-
-
Notifications
You must be signed in to change notification settings - Fork 0
Deep Dives Understanding Quantization
How search engines compress vectors to fit billions of embeddings in memory. This page explains vector quantization from first principles — what it is, why it matters, and how different techniques trade off accuracy for efficiency.
Think of quantization like compressing a photo. A RAW image from your camera might be 25 MB — full precision, every detail preserved. Save it as JPEG and it drops to 2 MB. You lose some information, but for most purposes the image looks identical.
Vector quantization does the same thing for embeddings.
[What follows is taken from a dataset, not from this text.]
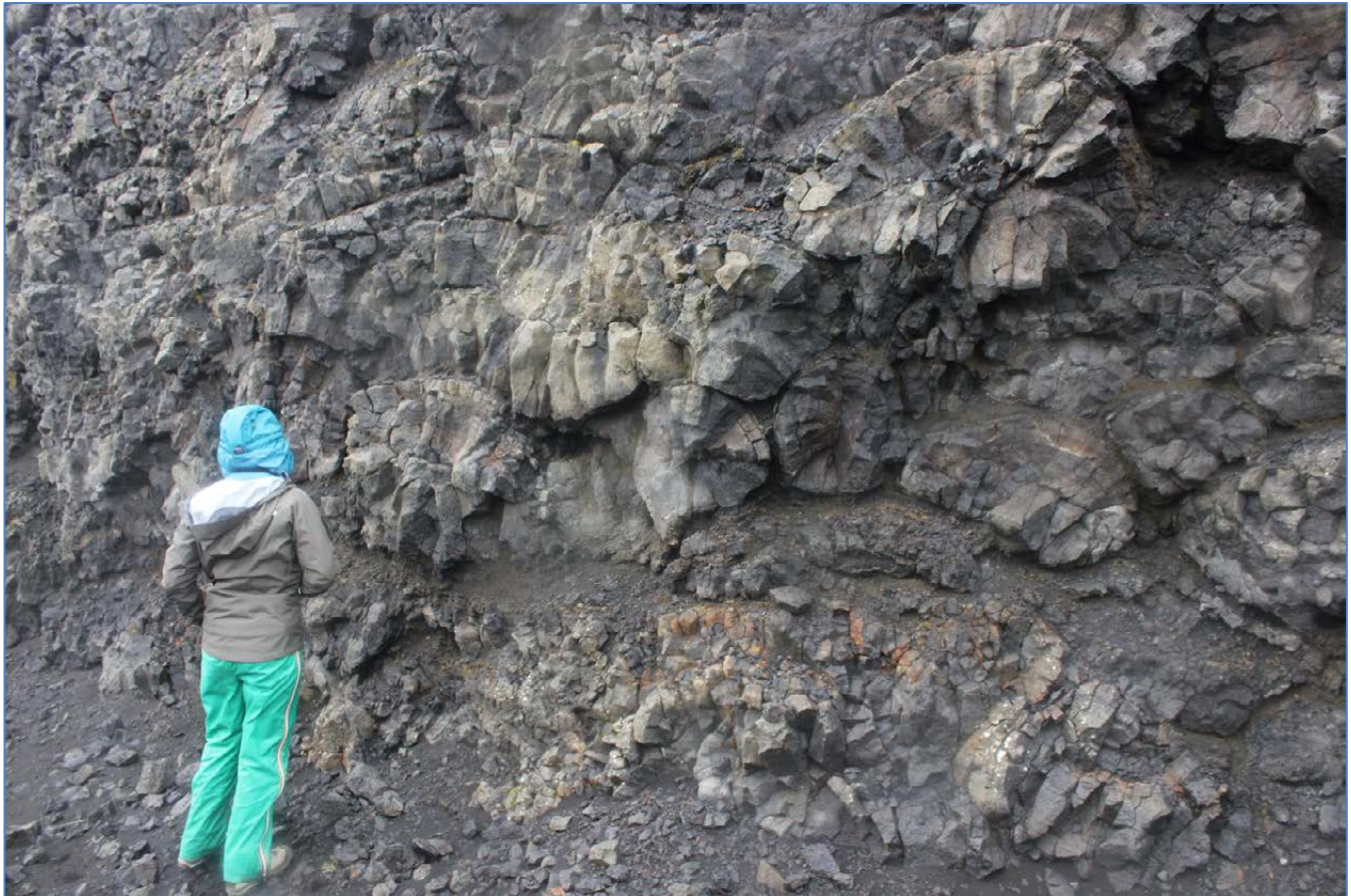
Pillow lava on the Reykjanes peninsula.

When a machine learning model encodes text or images, it produces a vector — a list of numbers (typically 128–1536 floating-point values) that captures meaning. These vectors are precise, but they're also big.
"The quick brown fox" → [0.0234, -0.1567, 0.4521, ..., 0.0891]
↑ 384 float32 values = 1,536 bytes per vector
Quantization reduces the precision of each number — or replaces groups of numbers with compact codes — so vectors take less space while still being "close enough" for similarity search.
Note
Quantization ≠ dimensionality reduction. Dimensionality reduction (like PCA) removes dimensions entirely. Quantization keeps all dimensions but reduces the precision of each value.
Let's do the math. A typical embedding model produces 384-dimensional vectors in float32:
1 vector = 384 dimensions × 4 bytes = 1,536 bytes
Now scale that up:
| Dataset Size | Memory (float32) | With 4× Compression | With 32× Compression |
|---|---|---|---|
| 100K vectors | 146 MB | 37 MB | 4.6 MB |
| 1M vectors | 1.5 GB | 375 MB | 46 MB |
| 10M vectors | 15 GB | 3.7 GB | 460 MB |
| 100M vectors | 150 GB | 37 GB | 4.6 GB |
| 1B vectors | 1.5 TB | 375 GB | 46 GB |
At billion scale, full-precision vectors require 1.5 terabytes of RAM — far beyond what typical servers provide. With 32× compression (Product Quantization), that same dataset fits in 46 GB — a single machine with a decent memory budget.
Tip
Even at smaller scales, compression matters. Less memory means better cache utilization, which means faster search. A 4× compressed index that fits in L3 cache will outperform a full-precision index that spills to RAM.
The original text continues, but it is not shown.